Another companion of Ganji, the prominent Iranian lawyer and author Nasser Zarafshan, has gone on hunger strike after three years in prison. His detention resulted from his willingness to represent the families of four intellectuals murdered in autumn 1998. The same court that condemned Zarafshan convened behind closed doors to punish the murderers, but failed.

Five years ago, I was in Evin prison with Akbar Ganji for five months. We shared our condition with scores of journalists and writers. During this time we were denied all normal facilities available to “ordinary” prisoners (murderers, thieves and drug smugglers). Ganji and Zarafshan announced two months ago that their prison hardships had led them to contract diseases that required hospitalisation. But prison and judiciary officials, all belonging to the regime’s “militant” wing, ignored their pleas and responded that they would happily see the prisoners dead.

During the election campaign, Iranian authorities did allow Ganji a temporary release from prison to seek medical help.

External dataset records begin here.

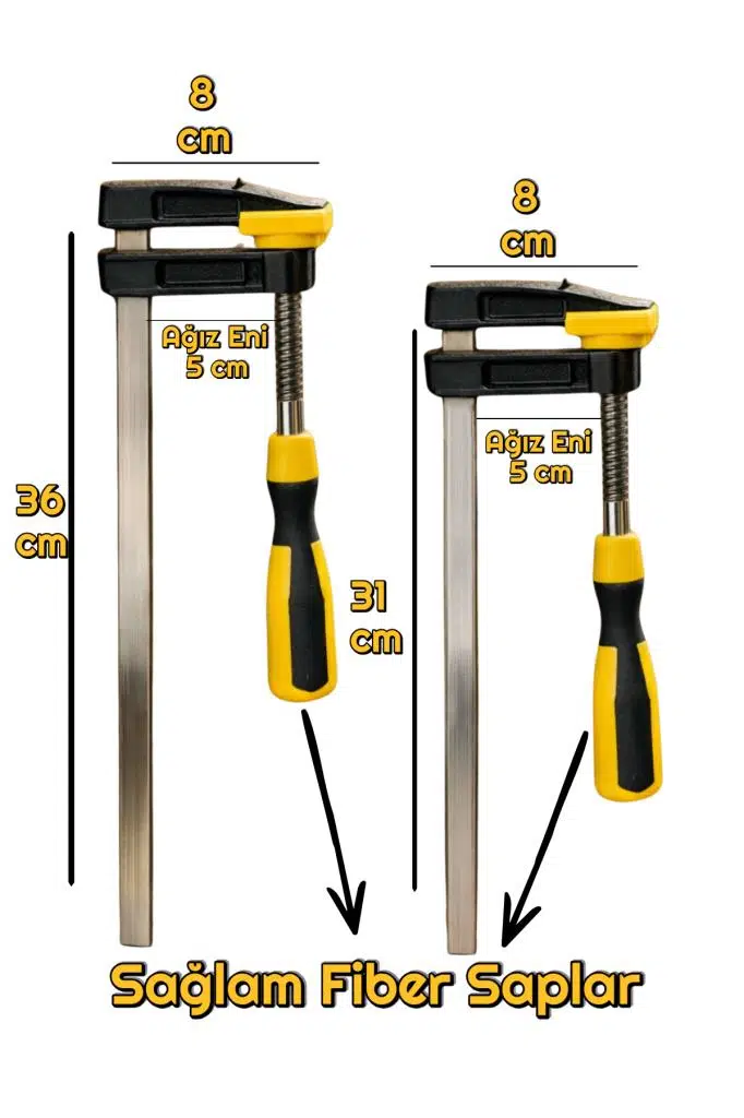 2 Adet F Tipi İşkence 50x300mm ve 50x250 mm Fiber Saplı Mengene El Aletleri
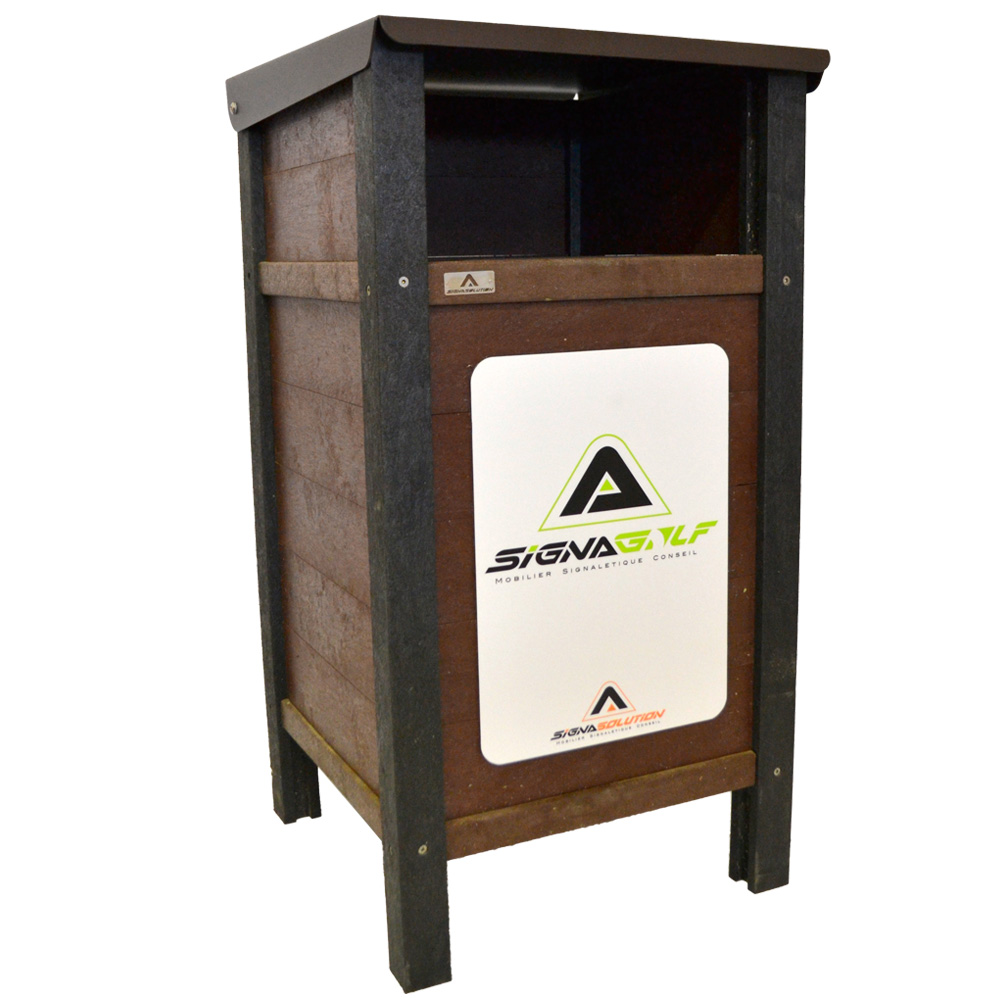 Massive Abfallstation aus recyceltem Kunststoff mit einem klappbaren Deckel und einem Fach. Der Einwurf kann individuell gestaltet werden.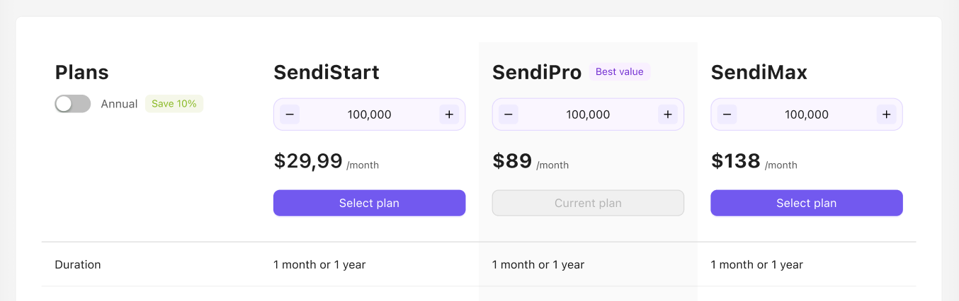 In Sendigram, you're not locked into a single plan. You can switch to a different email package at any time — for example, if your sending needs increase, or if you want to scale back.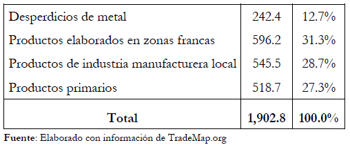 En conjunto, todos los productos con un VCR>1 explicaron el 81.2% de las exportaciones del país en ese período. Las exportaciones de hierro y metales (varillas), aparatos médicos y ópticos (zonas francas) y prendas de vestir no tejidas, fueron las de mayor peso en las exportaciones totales.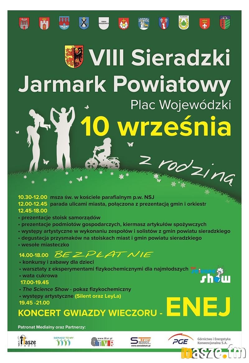 Jarmark poprzedzi msza św. w kościele pw. Najświętszego Serca Jezusowego na os. Jaworowym. Uczestnicy przejdą stamtąd ulicami miasta przed gmach starostwa. Jak co roku zaprezentują się w ten sposób wszystkie gminy z terenu powiatu sieradzkiego. Na odwiedzających jarmark będą czekały stoiska poszczególnych samorządów; gminy będą w ten sposób prezentowały swój dorobek i atrakcje, którymi kuszą turystów czy letników. Oczywiście będzie też można liczyć na różne smakołyki serwowane przez koła gospodyń wiejskich. Na najmłodszych czekać będzie wesołe miasteczko. Nowością na jarmarku będzie The Science Show, czyli pokaz fizykochemiczny. Gwiazdą wieczoru będzie zespół Enej (godz. 19.45). Uwaga, w związku z organizacją wydarzenia kierowcy muszą liczyć się z utrudnieniami w ruchu w obrębie pl. Wojewódzkiego, który będzie zamknięty na czas organizacji imprezy.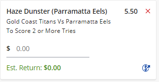 Haze Dunster 2+ Tries - Stake 1 Unit, Minimum Odds 4.5, Best Book - Lads/Neds

The measure, clearly a propaganda tool to seduce people to vote, backfired when Ganji spoke out in several interviews. He told me in a BBC World Service debate that he would go on indefinite hunger strike if returned to prison. A few hours later, prison officers assailed his small house in north Tehran, and seized him.

His voice still rings in my ears:
"I don't want anything but the freedom of Iranian people, even if I have to give my life. The rulers of the Islamic Republic should know that, although (people like) Ganji might be eliminated, the hope for freedom will not die away."

The 2003 Nobel peace prizewinner and lawyer Shirin Ebadi, is defending Akbar Ganji. She said in London on 13 July that all her efforts had been fruitless: Ganji had had no choice but to continue his hunger strike.

There is no doubt that Akbar Ganji is prepared to sacrifice himself. To save his life by pressure on the Tehran regime would be to light a beacon for Iranian democracy and for global human rights. While there is still time, the effort must continue.